Ancient Egyptian queen consort

Sitdjehuti/Satibu (died 1550/1500 BC, also Satdjehuti; "Daughter of Thoth") was a princess and queen of the late Seventeenth Dynasty of Egypt. She was a daughter of Pharaoh Senakhtenre Ahmose and Queen Tetisheri. She was the wife of her brother Seqenenre Tao and was the mother of Princess Ahmose.

==Life==
On her sarcophagus, she is stated to be the daughter of Tetisheri. Her other name is given as Satibu.

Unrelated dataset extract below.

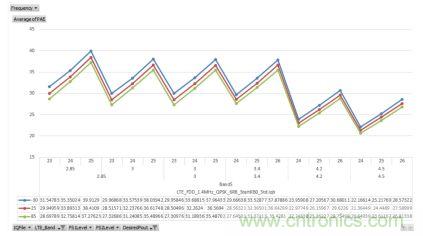 在射频前端的链路预算中,假定PA输出损耗为2dB,我们可以看到RF3628 高功率模式的 sweet point。

It is assumed that Sitdjehuti was a daughter of Pharaoh Senakhtenre Ahmose and a sister to Pharaoh Seqenenre Tao and the queens Ahhotep and Ahmose Inhapy. She was married to her (half-)brother Seqenenre Tao and bore him a daughter, Ahmose.

==Titles==
Sitdjehuti's titles include King's Wife, King's Sister, and King's Daughter.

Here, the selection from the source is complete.